Monroe rose again, said, “‘Rent-a-wrangler’?”

“Sit down,” Joe said to Monroe, his voice harsh. “Or I’ll make you sit down.” As he said it he couldn’t believe it had come out of his mouth. But it worked, and Monroe leaned back on his stool, poised on the edge, ready to lunge forward if necessary. His eyes bored into Joe’s face like dual twin lasers, something was going on behind those eyes that was violent and seething. Joe thought, I’ve got to watch out for this guy.

Hank chuckled drily. “That sounded a lot like a threat, Joe. That’s big talk from a state employee. Especially one who has sided with my brother. Or at least his wife has. I’d watch what you say, Game Warden.”

“I haven’t sided with anyone,” Joe said. “Neither has Marybeth.” He still couldn’t believe that he’d threatened Monroe that way. “But if it was you, this is the end of it. Don’t come to my house again, or send any of your . . .” Joe thought about it for a second, then forged on. “. . . wranglers to my home. If you do, things are going to get real western, Hank.”

Hank started to answer, then didn’t. He looked away, then turned to Monroe and said, “Settle down.”

Monroe seemed as if he were about to explode. He clenched his fists and glared at Joe as if trying to figure out whether to strike with his left hand or his right. If he did either, Joe thought, there would be trouble, and he’d likely come out on the worst end of it.

Hank said, “You’ve had a few beers, I can tell. And I can see you’ve been listening to Robey Hersig over there, hearing how Arlen should get the ranch and I shouldn’t. So I’ll let this go for now, and pretend you don’t know what the hell you’re talking about. Which you don’t. But let me tell you something, Game Warden.”

Hank paused, letting the clock tick. Eventually, Monroe turned his head to hear what he had to say. Joe was rapt.

“The Thunderhead will be mine,” Hank said. “Nothing you, or your lovely wife, or anybody can do about that. So get used to it.”

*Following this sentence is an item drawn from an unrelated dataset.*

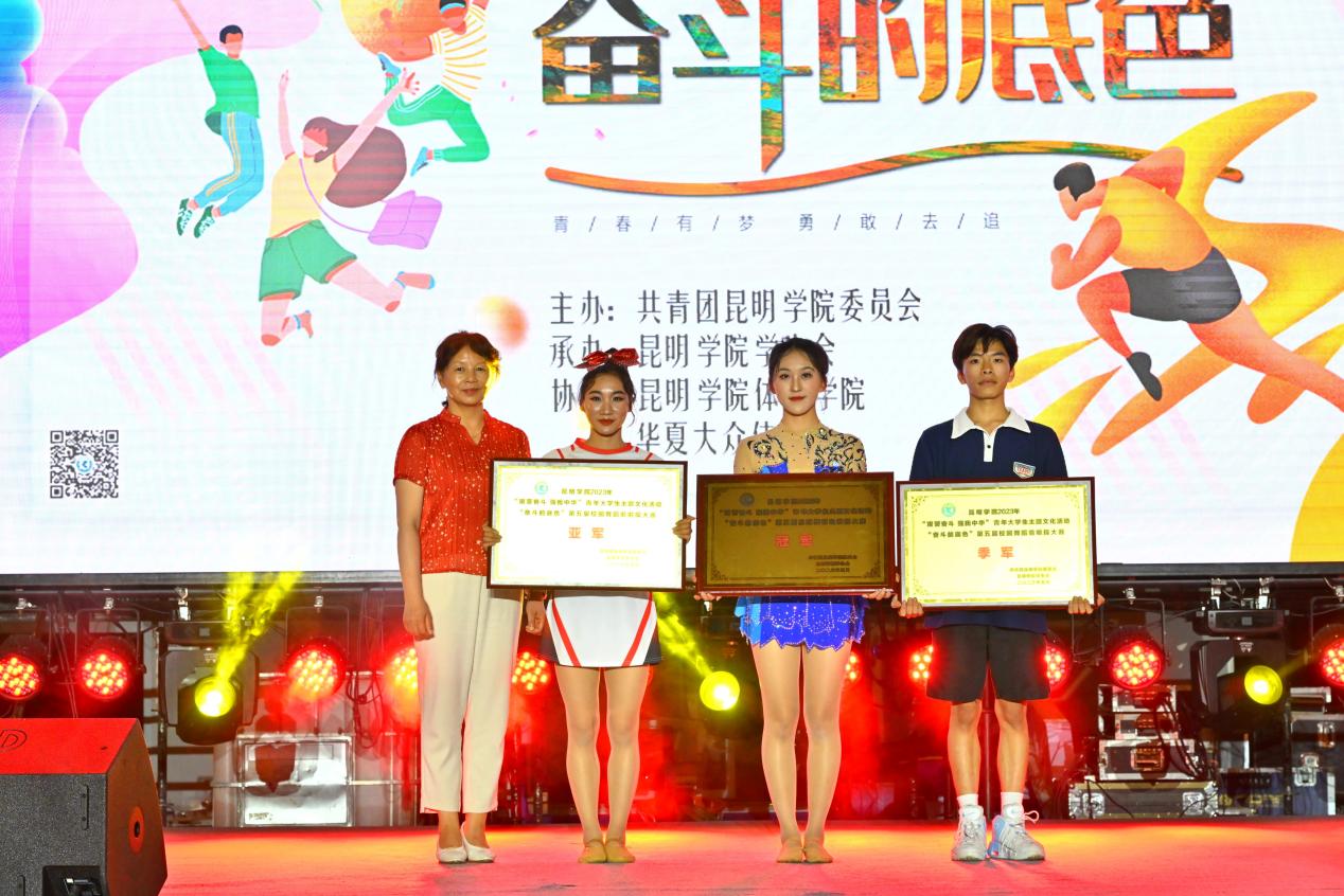 自4月上旬起,学校组织各二级学院开展“奋斗的底色”青年大学生主题校园啦啦操大赛,各二级学院认真组织、积极备赛,经过资格赛的激烈角逐,八支队伍进入决赛。决赛上,各支队伍的青年学生以舞动的身姿勾勒青年人阳光开朗的形象,用舞姿和激情表达昆院青年的梦想与奋斗。赛场下,观众们热情洋溢,高声呼喊,积极应援,为场上的同学们加油助威。最终,学前与特殊教育学院、体育学院、音乐舞蹈学院分获冠亚季军。

Then Hank leaned forward on his stool, looking up at Joe under scarred eyebrows, and said, “My family was here a hundred years before you were a gleam in your daddy’s eye. We own this place. We stuck. The rest of you come and go, like lint. Goddamned lint. So don’t poke your nose where it doesn’t belong. This ain’t your fight.”

He swiveled on his stool, turned his back to Joe, and sipped at his glass of bourbon.

Joe felt Robey tugging at his sleeve, saying, “Let’s sit down.”

But Joe found himself staring at the back of Hank’s sweat-stained Stetson, and thought of his daughter looking at the animal pinned to his front door. He said, “It better not have been you, Hank. And by the way, we got a call on you. I’ll be out to see you soon.”

For the first time, Joe saw a slight flicker of fear in Hank’s face in the mirror.

THEY FINISHED THEIR beers, and Robey spent most of the time telling Joe not to react, not to get mad, but to cool down and let the process work. Joe only sort of listened. He was furious that Hank had gotten the best of him, and even angrier that he’d opened himself up to it. He knew better than to create a confrontation when he was unprepared. But something in Hank’s eyes and demeanor had told Joe that he knew more than he let on. So if for no other reason than knowing that, it had been worth it.

The night went on. Robey was drunk, and repeating himself about the curse of the third generation. Joe called Marybeth on his cell phone, woke her up, and said he’d be home soon. She was groggy, and not happy with him.

Hank left the Stockman without looking back, although Monroe paused at the door and filled it, glaring at Joe, letting cold air in, which normally would have resulted in shouts from the patrons. But because Monroe was with Hank Scarlett, no one said a word.

JOE LEFT WITH Robey, and they both marveled at the night itself, how two grown men with families had drunk the night away, how unusual it was for them. They blamed the Scarletts for creating a situation where they felt it necessary—even justified—to do so. Robey started in on a soliloquy about drinking in general, and how intrinsic it was to living in the mountain west, how important it was to understanding the culture and isolation, but Joe said good night and sent him home, wishing there were a cab he could call for his friend, but taxis didn’t exist in Saddlestring.